A painter's town at the mouth of the Connecticut River, where a century-old art colony still shapes how the light falls on Lyme Street. Lia spent longer in the Florence Griswold Museum's gardens than in most European galleries, and I didn't rush her.

We crossed the old railroad bridge into Old Lyme on a hazy August afternoon, the kind of soft, diffused light that apparently drew painters here more than a century ago, and it took about ten minutes of walking Lyme Street before I understood why. This is a town of roughly seven thousand people at the point where the Connecticut River finally gives up and becomes Long Island Sound, and it has the unhurried self-possession of a place that already knows it’s beautiful. Lia, who studied art history before switching to something more employable, kept stopping mid-sentence to point at the angle of sun through the elm trees, half-joking that she finally understood what Childe Hassam was chasing.

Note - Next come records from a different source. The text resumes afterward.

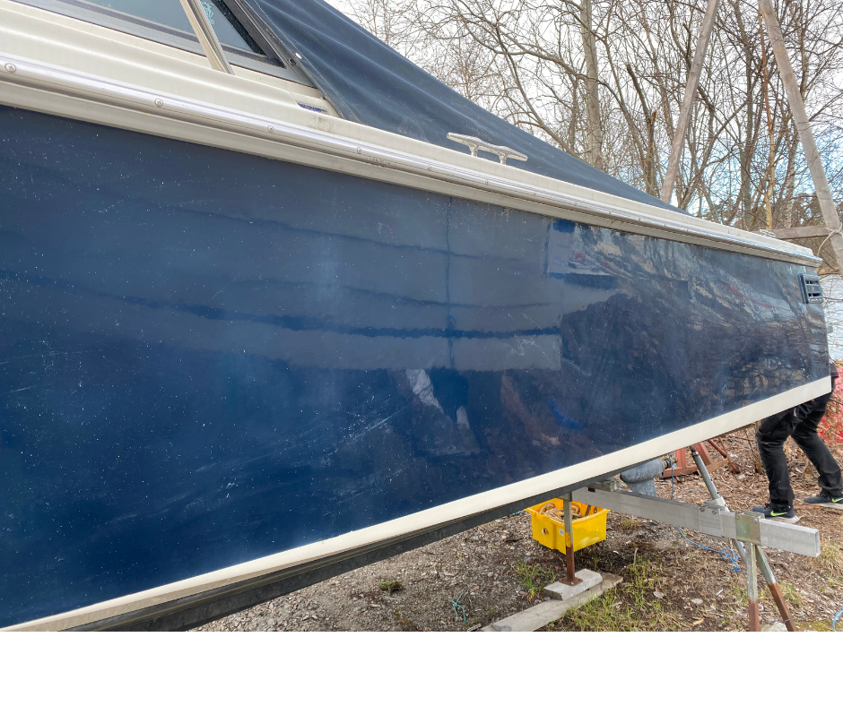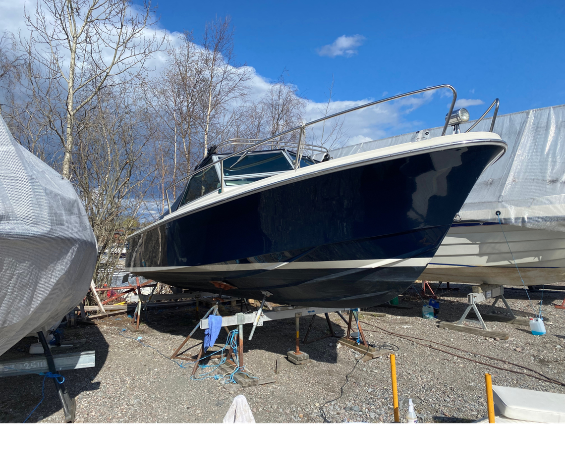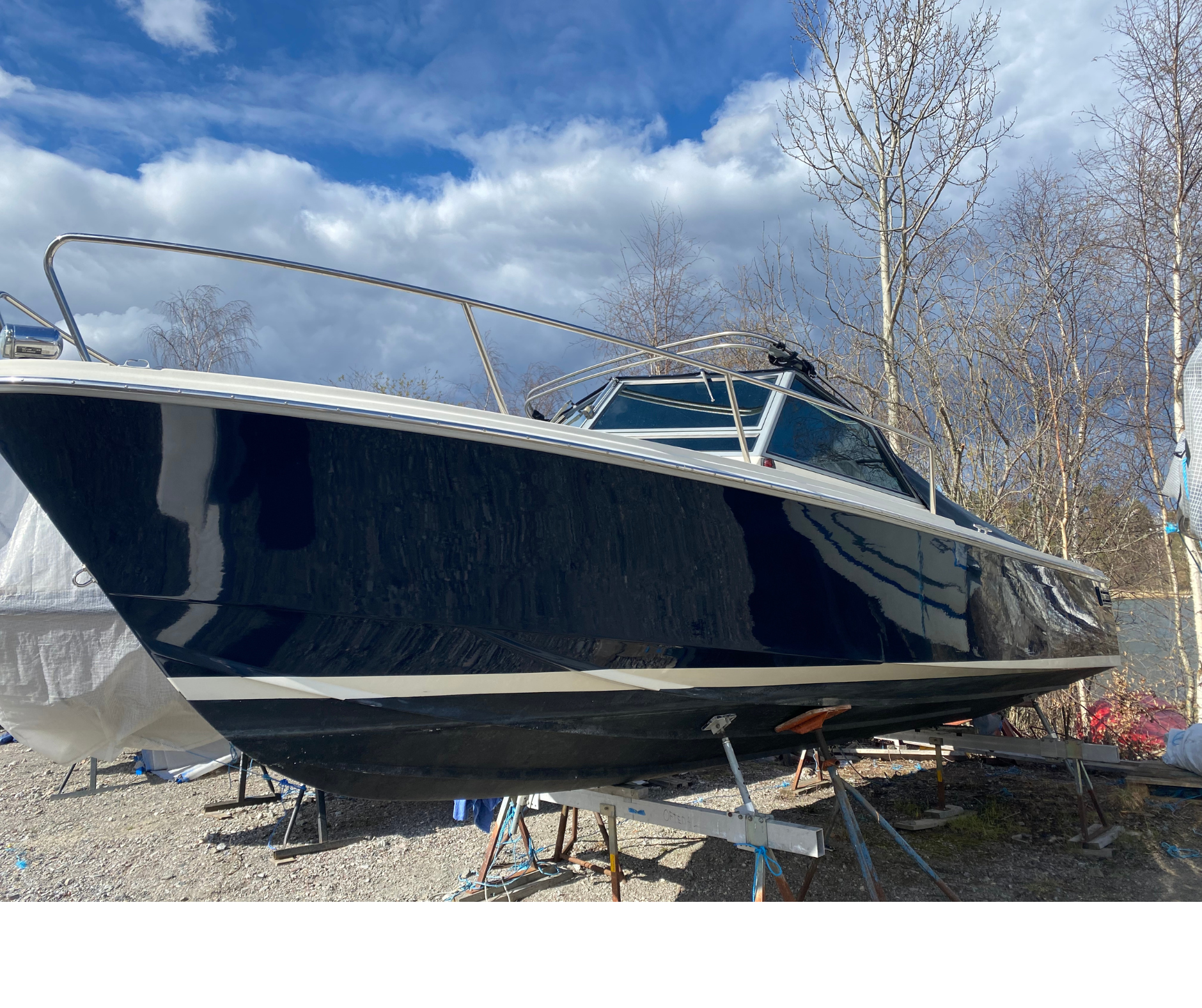 Vi jobbade på en båt som inte hade fått någon omsorg på flera år. Båten var full av oxidation och missfärgningar. Tillsammans med min partner Per, påbörjade vi arbetet med att tvätta hela båten och dess kapell med Multiclean. Per tog hand om servicen av motorn, medan jag arbetade med att avlägsna gelcoaten. Efter att ha testat flera produkter insåg vi att Menzera produkter passade bäst för detta mörka skrov. Dag två genomförde vi även en service på drevet och bytte bälgar, samtidigt som vi fortsatte med att polera hela båten till dess forna glans.
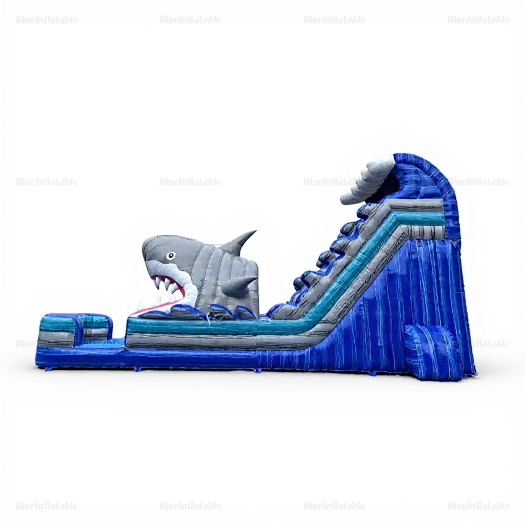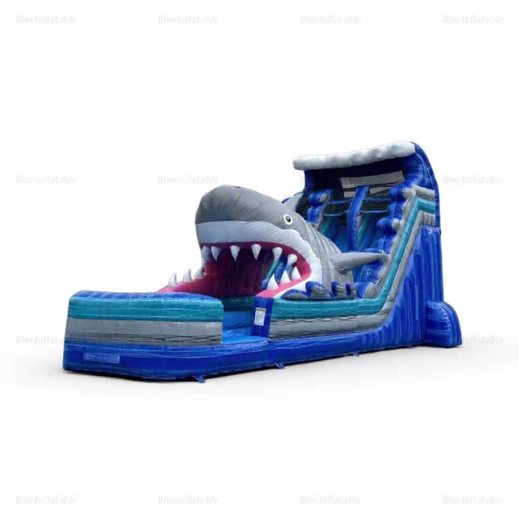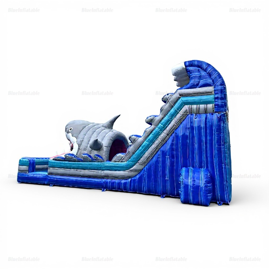 Product Name Giant Dual-Lane Shark Inflatable Water Slide with Pool
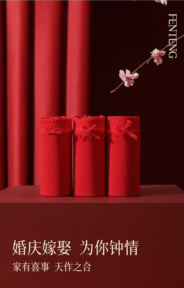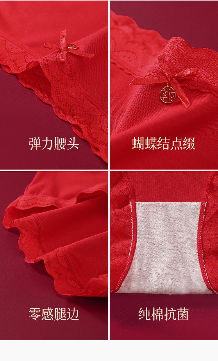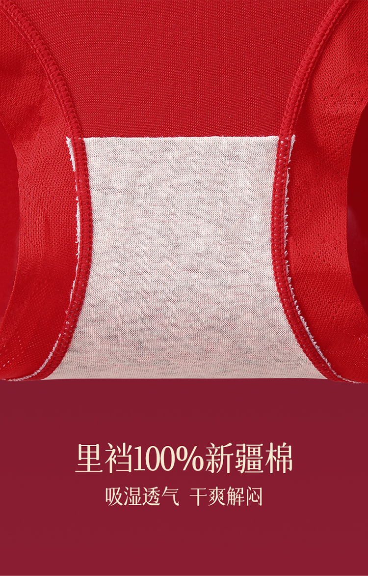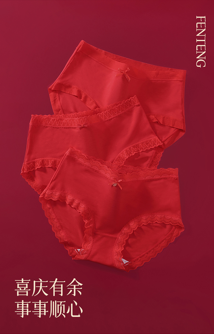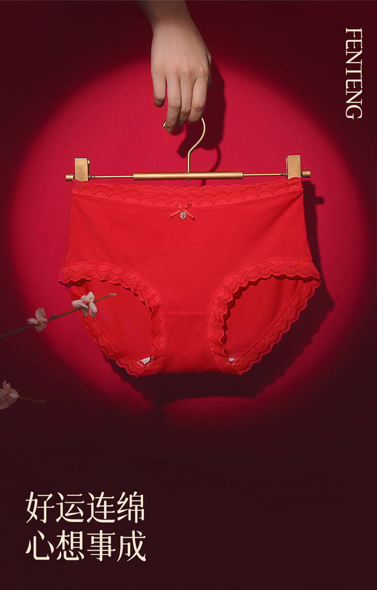 【品牌优选】芬腾女士大码内裤本命年大红色抗菌纯棉裆结婚中腰三角裤

The Florence Griswold Museum

The centerpiece of town is a mustard-yellow 1817 mansion where, starting in the 1890s, a widow named Florence Griswold took in a rotating cast of American Impressionist painters as boarding-house guests. They repaid her in kind — literally, painting directly onto her dining room doors and wall panels, which are still there, a strange and wonderful record of a whole movement working out its ideas on a landlady’s woodwork. We wandered the riverside gardens afterward, laid out to recreate what the painters themselves would have seen, irises and daylilies leaning toward the same water they once put on canvas.

Impressionist-painted door panels inside the Florence Griswold Museum in Old Lyme, Connecticut

Lyme Street and the meetinghouse

Lyme Street itself is a straight run of white clapboard houses and elms so complete it’s a National Historic Landmark district, anchored by the First Congregational Church, whose tall steeple has been painted by nearly every artist who ever set up an easel in town. We had coffee at a small shop that doubles as a gallery for the Lyme Art Association next door, still an active painters’ cooperative, and watched two students sketching the church from folding stools on the sidewalk, unselfconsciously continuing a tradition that’s never really stopped.

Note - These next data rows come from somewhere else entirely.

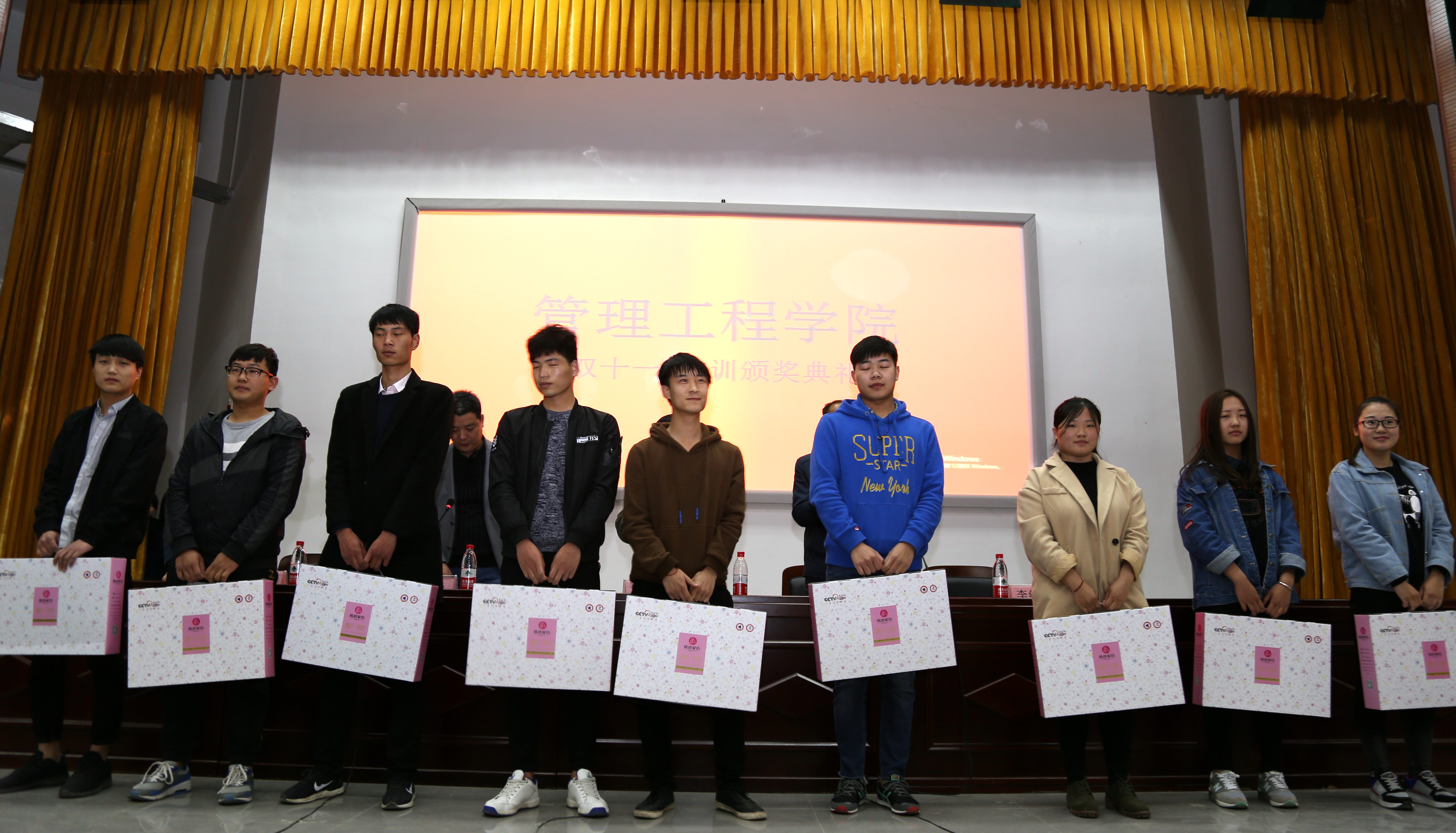 表彰大会上,谢书记首先发表致辞,他对去年参加双十一实训的老师和同学们表示慰问,并对今天受表彰的同学表示祝贺,指出双十一实训目前是我校校企合作的典范,通过此次活动,夯实了专业基础,学到了实践知识,希望大家再接再厉为学院的专业建设做贡献。副院长孙双全宣读了表彰决定;随后,参加实训的电商1534班的吴静同学,经济信息管理专业1532班的杨景园同学,以及电子商务教研室主任武化岩老师分别做了大会发言,他们结合实训的亲身经历谈了自己深切的体会,鼓励在校的16级同学,一定要虚心学习,积极投身到2017年的双十一实训当中。
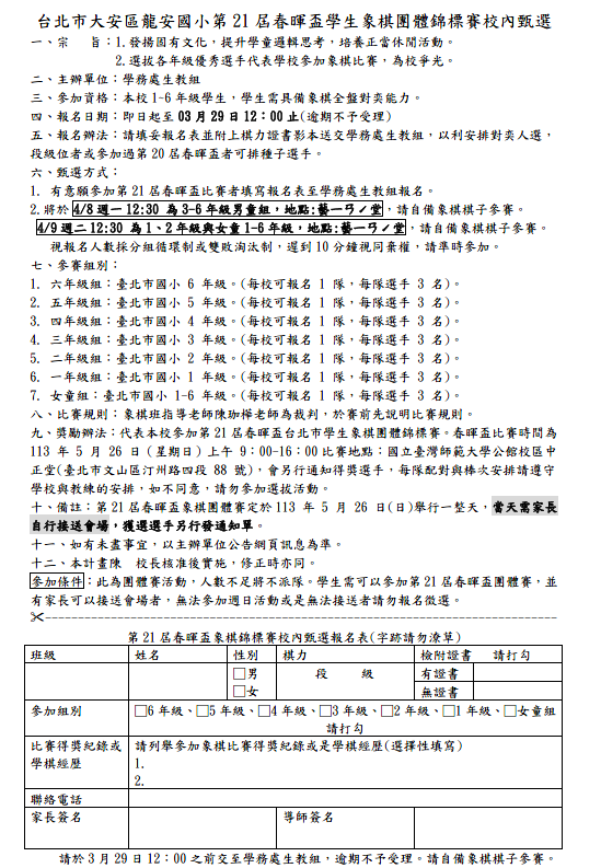 台北市大安區龍安國小第21屆春暉盃學生象棋團體錦標賽校內甄選
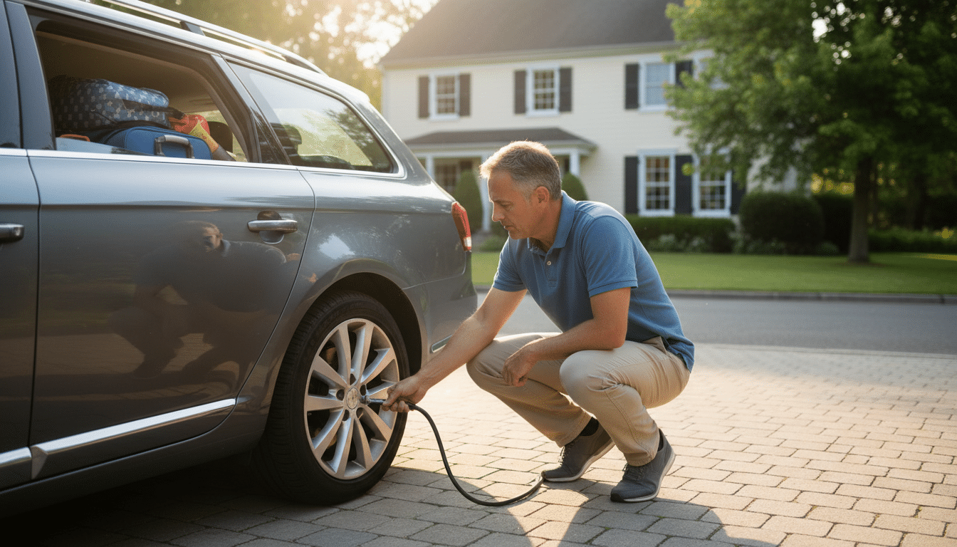 Commençons par ce qui touche le bitume. Les pneus sont impliqués dans un nombre impressionnant de pannes et d’accidents sur les longs trajets. La pression de gonflage est la première chose à vérifier : vous trouverez les valeurs recommandées sur l’étiquette collée dans la portière conducteur ou sur la trappe à essence. Si vous chargez la voiture à bloc — bagages, enfants, chien — ajoutez 0,2 à 0,3 bar par rapport à la pression standard.
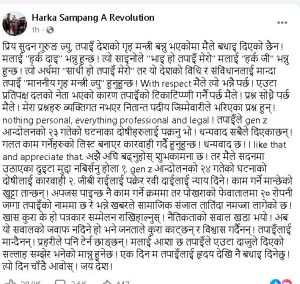 उनले फेसबुकमा लेखेका छन्, ‘प्रिय सुदन गुरुङज्यू, तपार्इं देशको गृह मन्त्री बन्नु भएकोमा मैले बधाइ दिएको छैन । मलाई ‘हर्क दाइ’ भन्नु हुन्छ । त्यो साइनोले ‘भाइ हो तपाइँ मेरो’ मलाई ‘हर्कजी’ भन्नु हुन्छ । त्यो अर्थमा ‘साथी हो तपाइँ मेरो ।’ तर यो देशको विधि र संविधानलाई मान्दा तपाइँ ‘माननीय गृहमन्त्रीज्यू’ हुनुहुन्छ ।’
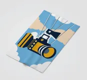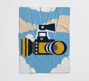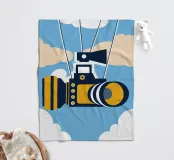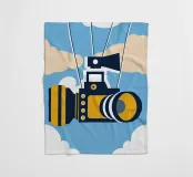 A stylized illustration of a camera suspended in the sky, perfect for photography-related designs.
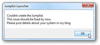 לעיתים יש שגיאות בעת הוספת פריטים ל- Jumplist, אך נראה שהבעיה מתקינה את עצמה מייד, אז פשוט לחץ על אישור לתיבת הדו-שיח. אם אתה מקבל שגיאות או מוצא באגים, מומלץ לפרסם אותם אצל המפתחים בלוג .

Rogers Lake and the river’s edge

South of the historic district, we drove down to where the river opens into the Sound near Old Lyme Shores, watching ospreys work the shallows at low tide. Rogers Lake, a smaller freshwater pond a few minutes inland, gave us a quieter afternoon — we rented a canoe from a dock with an honor-system cash box and paddled past lily pads while a heron ignored us completely. It’s a town built for exactly that pace.

Getting There

Bradley International Airport (BDL) outside Hartford is the closest major airport, about an hour’s drive south on I-91 and I-95. From New York City, it’s roughly two hours east on I-95, and Amtrak’s Northeast Regional also stops in nearby Old Saybrook, a short taxi ride away. A car makes exploring the gardens, the lake, and the coastline far easier, though the historic district itself is entirely walkable once you’ve parked.